The chairman of House of Representatives’ Committee on Sports, Godfrey Giaya, has shed light on why the National Assembly in the last dispensation could not pass the Nigeria Football Federation, NFF, bill into law.
According to him, the document presented to the National Assembly by the NFF was poorly drafted.
Giaya told P.M. Sports in Abuja that the NFF bill was actually discussed and passed through three readings at the House of Representatives, but encountered a problem in the Senate, which made it impossible for both Houses to reach a consensus on the passage of the bill before the end of last National Assembly.
“In the last National Assembly, there was an Executive Bill seeking to repeal an Act of 2004. The bill successfully passed through three readings in the House of Representatives and was supposed to pass for reading in the Senate but some loopholes were discovered in the bill. This prevented its passage before the end of the 6th National Assembly,” Gaiya said.
He said that it was a blessing in disguise that the bill was not passed into law in the 6th National Assembly because after taking a critical look at the document NFF presented, it was discovered it was poorly drafted and there were a lot of discrepancies.
“After the end of the 6th National Assembly, we discovered a lot of lapses that I even said it was good that the bill was not passed. The bill was badly drafted,” he said.
Meanwhile, a former member of the House Committee on Sports, Dino Melaye has advised the leadership of the NFF not to appeal the court judgement instead it should pursue vigorously the lobbying of the National Assembly for quick passage of the NFF bill.
“The NFF has only one option in this case, which is to start intense lobbying at the National Assembly. During my time at the House of Representatives, the NFF did not really lobby the leadership of the House and the Senate for the bill to be passed into law. If the NFF decides to appeal the judgement in court, it won’t solve the problem at all,” Melaye said.
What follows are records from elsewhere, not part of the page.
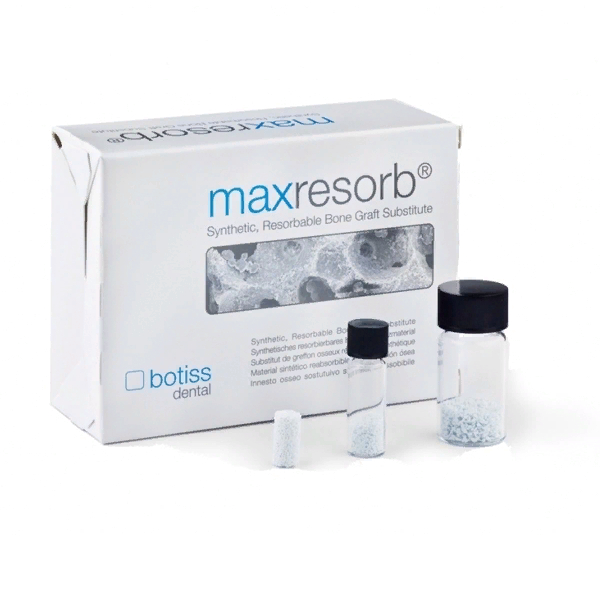 Maxresorb гранулы от производителя Botiss – инновационный двухфазный фосфат кальция, является инновационным, безопасным, надежным и полностью синтетическим заменителем костного трансплантата, простым в обращении и обладающим улучшенной резорбируемостью.
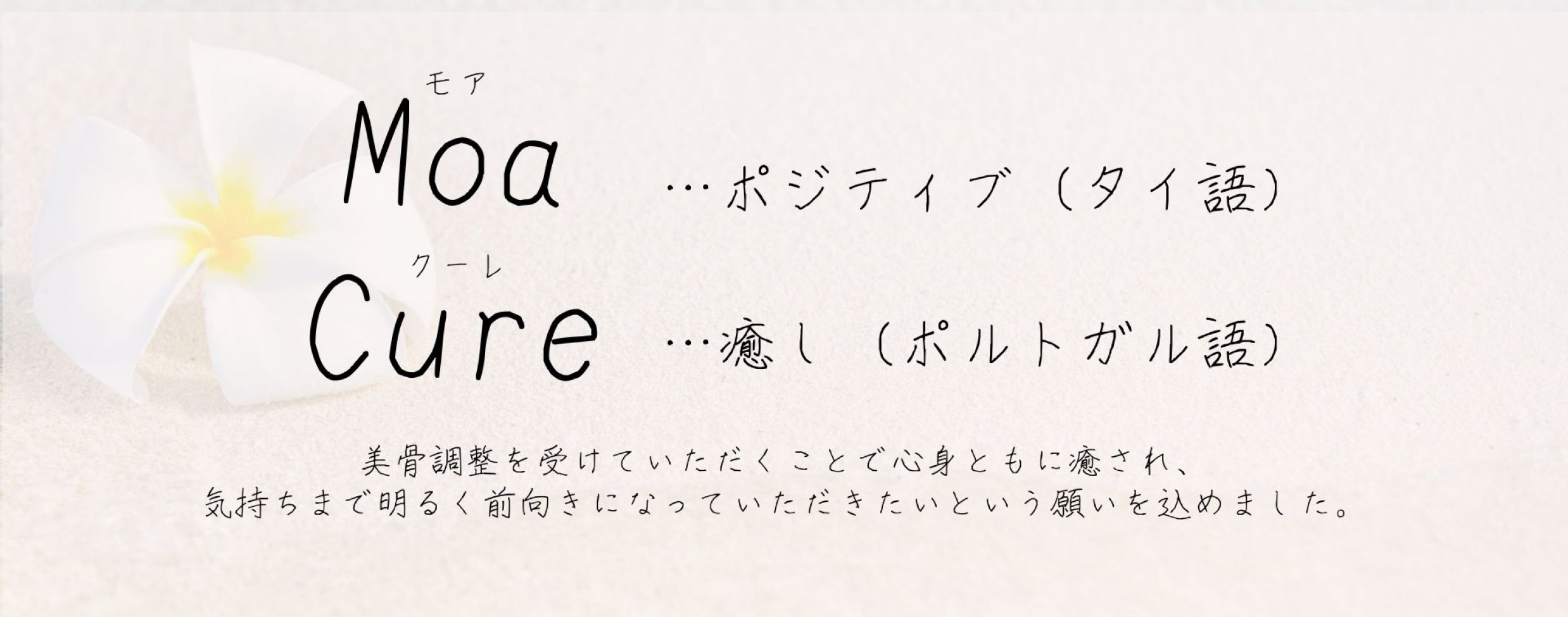 Moa…ポジティブ、Cure…癒しという意味があり、Moa Cureに来ていただくことで【心身共にリラックスでき、気持ちまで前向きになっていただけるように】という想いを込めて名付けました。
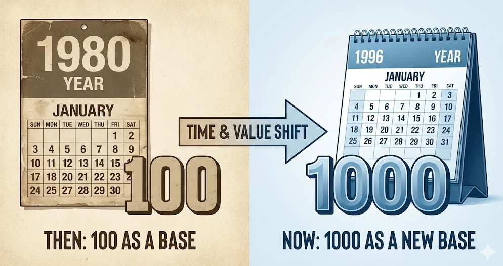 - 코스닥 지수: 1996년 7월 1일의 시가총액을 1,000으로 놓고 비교합니다. 원래는 100이었지만, 코스피와 숫자가 너무 차이 나서 2004년에 10배를 곱해 1,000으로 기준을 바꿨습니다.
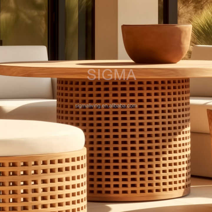 Newest Design Patio Garden Furniture Wholesale Wooden Frame Outdoor Dining Set Round Teak Wood Dining Table
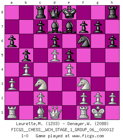 Last move : 1-0 2013 October 11 3:55:23 [Event "FICGS__CHESS__WCH_STAGE_1_GROUP_06__000012"] [Site "FICGS"] [Date "2013.07.02"] [Round "1"] [White "Leurette,Marc-Antoine"] [Black "Denayer,Will"] [Result "1-0"] [WhiteElo "1203"] [BlackElo "2088"] 1.e4 d6 2.d4 Nf6 3.Nc3 Nbd7 4.Nf3 e5 5.d5 Be7 6.Bb5 a6 7.Bxd7+ Bxd7 8.O-O h6 9.b3 b5 10.b4 Rc8 11.a3 1-0 Pirc defense Kingside Castling by player White (move 8) Player White won this chess game. Follow this game move after move (download)Every Pawn is a potential Queen. (James Mason) Der Traum, für den ich lebe, ist der von einem freien Russland. Viele mögen sagen: Russland hat doch ein Parlament, einen gewählten Präsidenten. Aber ich spüre, dass in meiner Heimat die Angst wiederkehrt. Eine Angst, sich frei zu äußern, bestimmte Dinge zu tun (Garry Kasparov) Sin errores no puede haber brillantez. (Emanuel Lasker) 'L'échange des dames est un coup dur pour les deux adversaires...' Un journaliste lors d'une partie du match Spassky-Fischer I fear not the man who has practiced 10,000 kicks once, but I fear the man who has practiced one kick 10,000 times. (Bruce Lee)

He further said that it is only the National Assembly that can give the NFF a lifeline to continue to operate in Nigeria by repealing the current Act and replaced it with a new law that will legalise the football body.
“There should be a high level of lobbying between the Glass House and the National Assembly right now if the NFF wants to come out of this mess. The current Act should be repealed by the National Assembly and indeed replaced by a new law to suit the operations of the NFF.”